Labor leader Anthony Albanese will call for a new focus on fairness in the recovery from the coronavirus crisis, naming housing construction and local manufacturing as two priorities in his economic agenda.

…In a major speech in Parliament House on Monday, the Labor leader will instead describe the crisis as a “once in a political lifetime” chance to reshape the economy to create better jobs.

The draft speech includes calls for sweeping investments in social housing to boost construction jobs, more heavy manufacturing to be kept within the country and a plan for high-speed rail to help ease pressure on the big cities.

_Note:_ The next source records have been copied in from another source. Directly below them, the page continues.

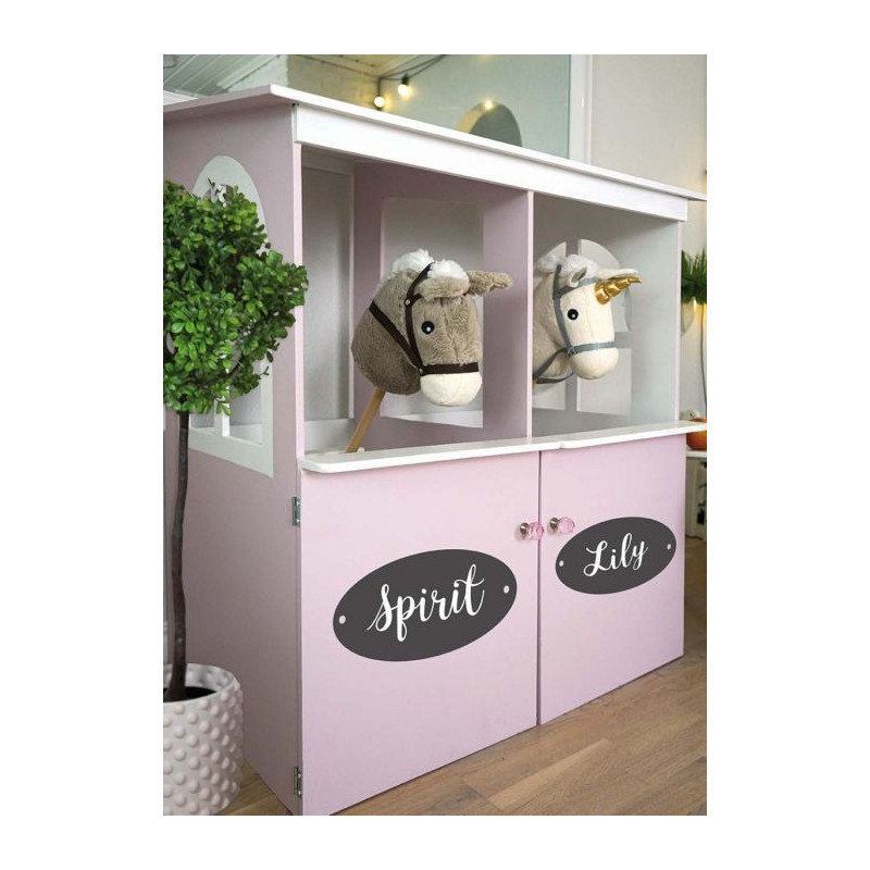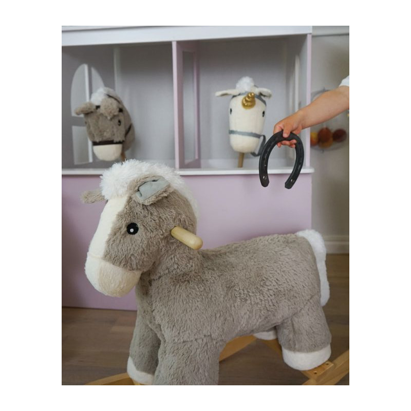 Söt käpphäst i grått och vitt med tillhörande träns. Bygg upp en hinderbana och tävla med din vänner och se vem som hoppar högst och vem som kommer först i mål. Eller varför inte bara rida ut i skogen med din nya följeslagare och bästa vän.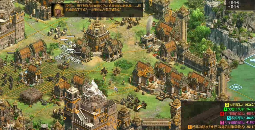 资源管理是战役推进的关键,玩家需保持村民的持续生产,并平衡食物、木材、黄金和石头的采集比例。升级到封建时代和城堡时代可以解锁更先进的单位和科技,提升整体实力。在经济发展中,优先保证农田和伐木场的效率,并在控制新区域后转移经济设施,利用安全环境加速资源积累,以支持长期的军事行动。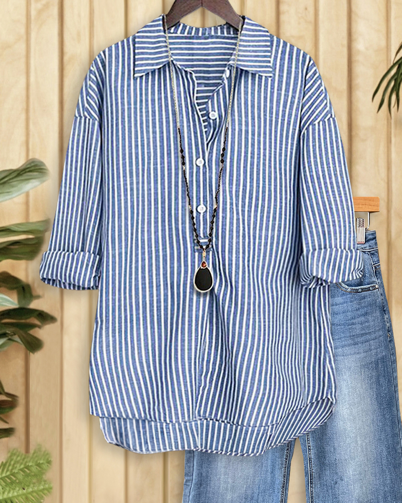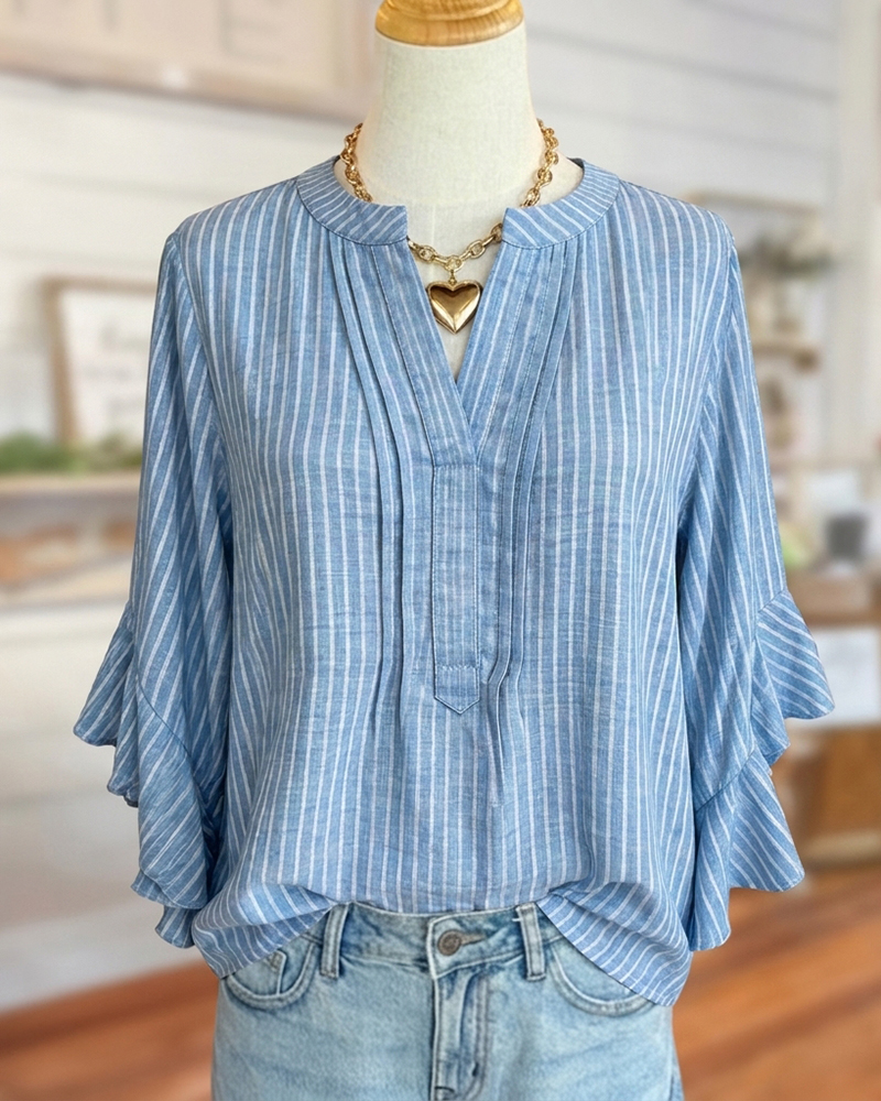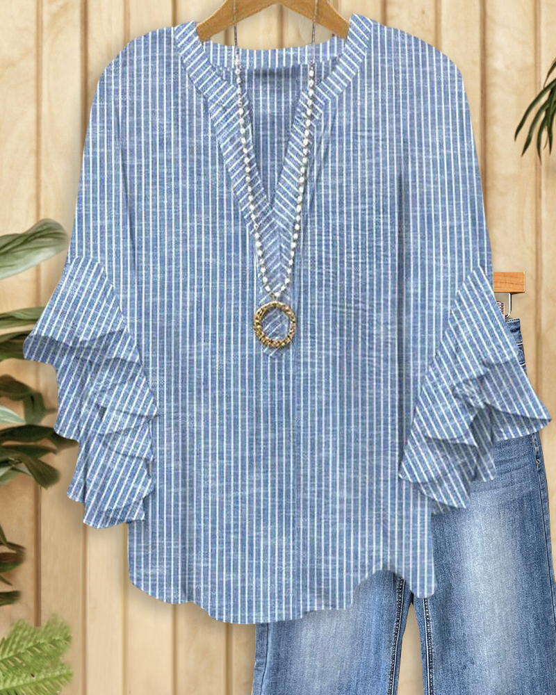 Striped Rocking Ruffle Sleeve V Neck Blouse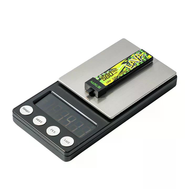 - Емкость 580mAh в формате 1S LiHV с максимальным напряжением 4.35V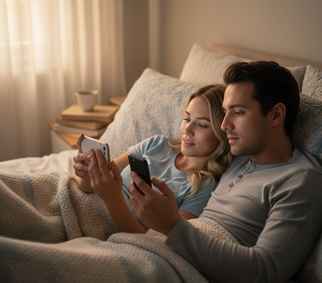 Thói quen xem điện thoại trên giường đang tạo ra một "bức tường công nghệ" vô hình giữa bạn và đối tác. (Ảnh minh hoạ AI) |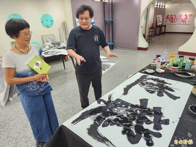 )書寫 「逆襲」,左為黃春蘭。(記者王涵平攝)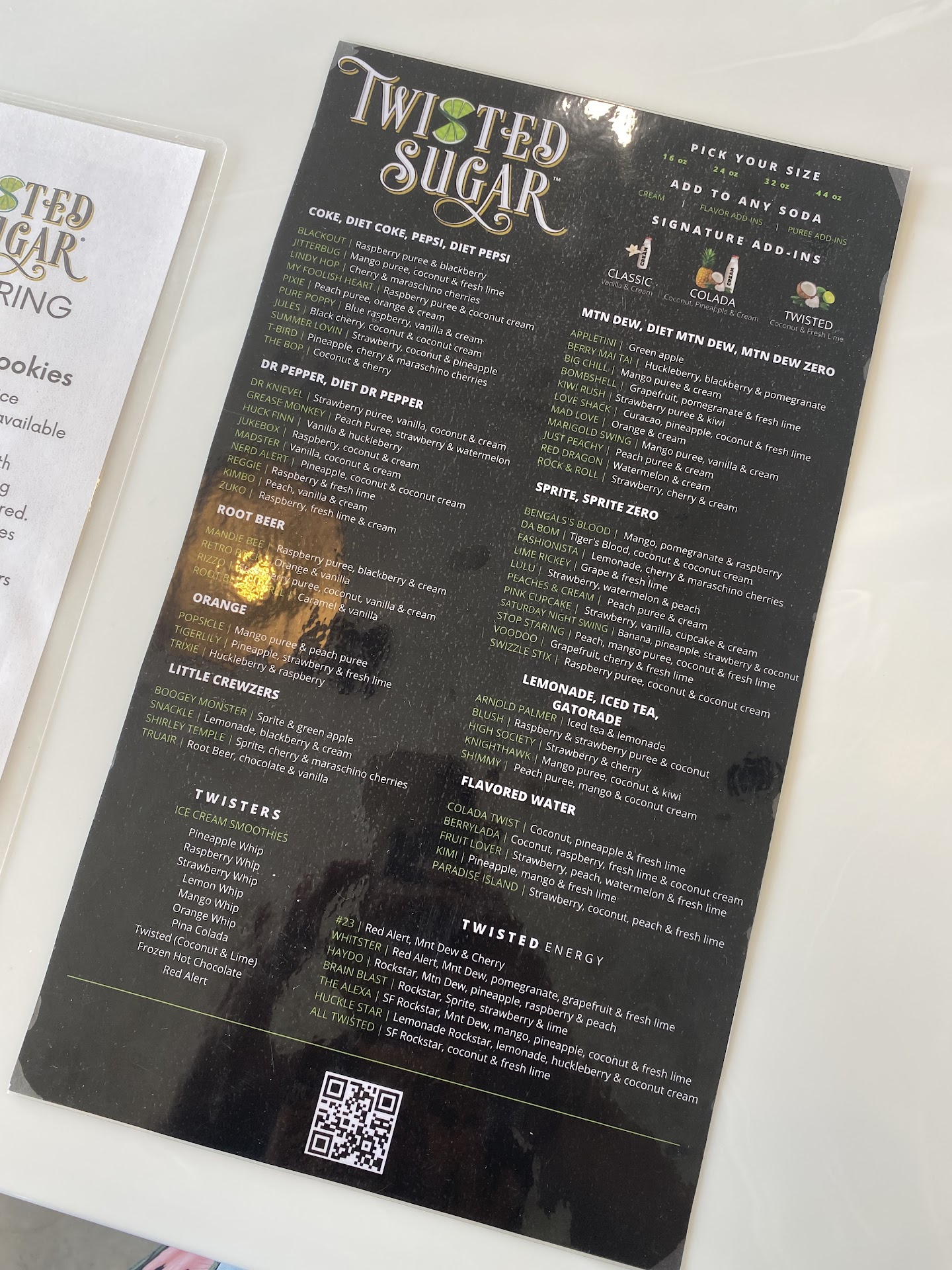 Twisted Sugar has officially entered the soda-shop game in Idaho Falls. They have a well-thought-out drink menu that features over 50+ options, not including your own combinations. I look forward to visiting again soon to try one of the Twisters (Ice Cream Smoothies). The Pineapple Whip Twister sounds delicious. I tried the Peaches & Cream with a Sprite base. It was good but I wish the peach flavor would come through a bit more.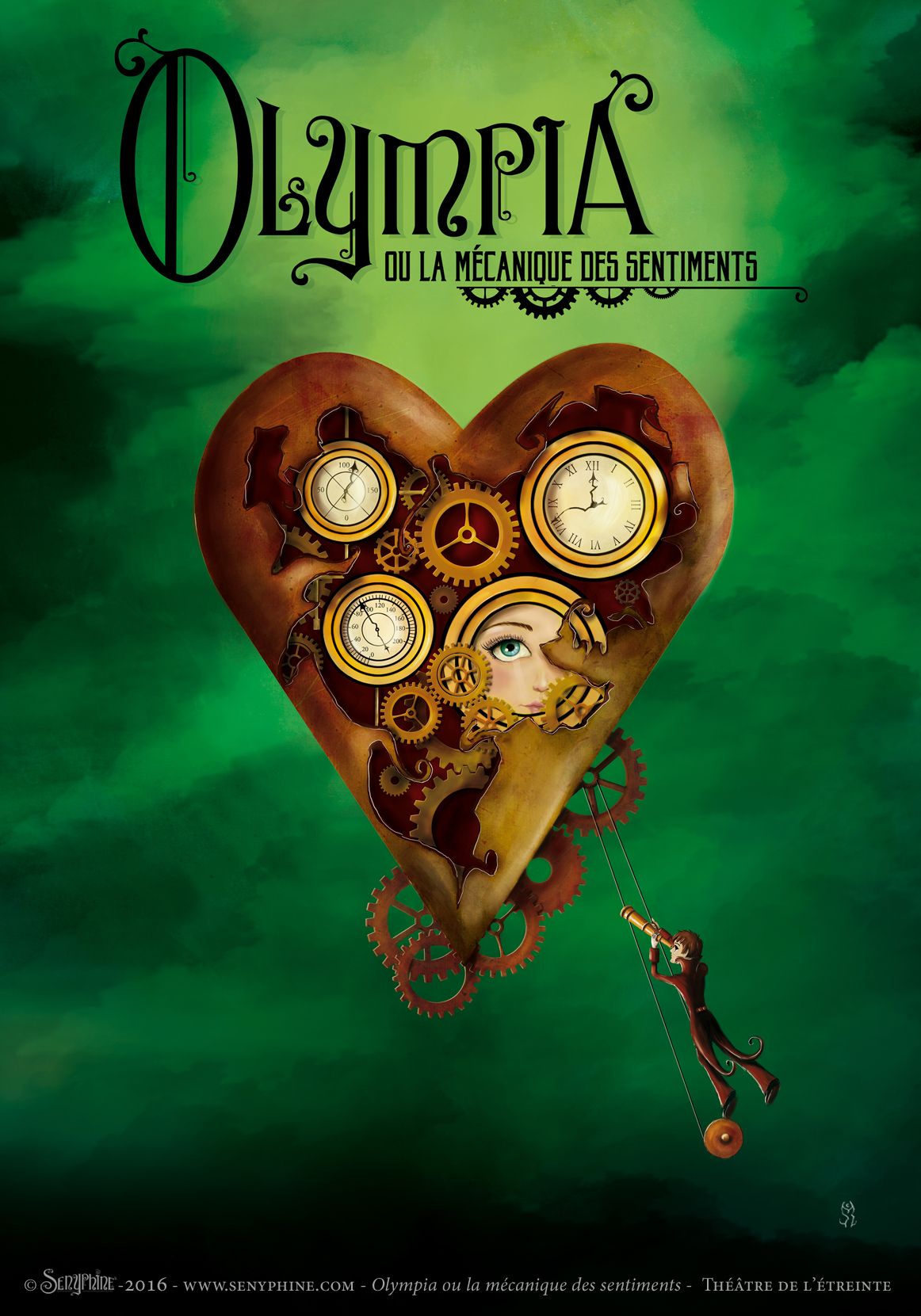 Illustration réalisée pour l'affiche du spectacle Olympia ou la mécanique des sentiments produit par le Théâtre de L’Étreinte & par la Compagnie Coincidences Vocales. Spectacle musical steampunk joué lors du Festival d'Avignon 2017 et sur Paris. Ecrit par Vanessa Callico. Mise en scène William Mesguich.

…“It’s no time for a ‘snap back’ to the Liberal agenda of cutting services, suppressing wages and undermining job security.

…Asked last week about Labor policies at the last election, Mr Albanese said the party’s franking credits policy was “off the agenda” for the next election.

…“With regard to negative gearing and those issues, we made it clear as well that there will be no impact on any existing arrangements.”

I interpreted that to mean negative gearing reform would be scrapped but a reader pointed out that it is not. It is consistent with a negative gearing reform policy that includes grandfathering.

In that case, the Albo plan starts to make a lot more sense. Negative gearing is the key policy distortion in the Aussie economy, driving misallocated capital and low productivity by promoting useless house price speculation over productive investment.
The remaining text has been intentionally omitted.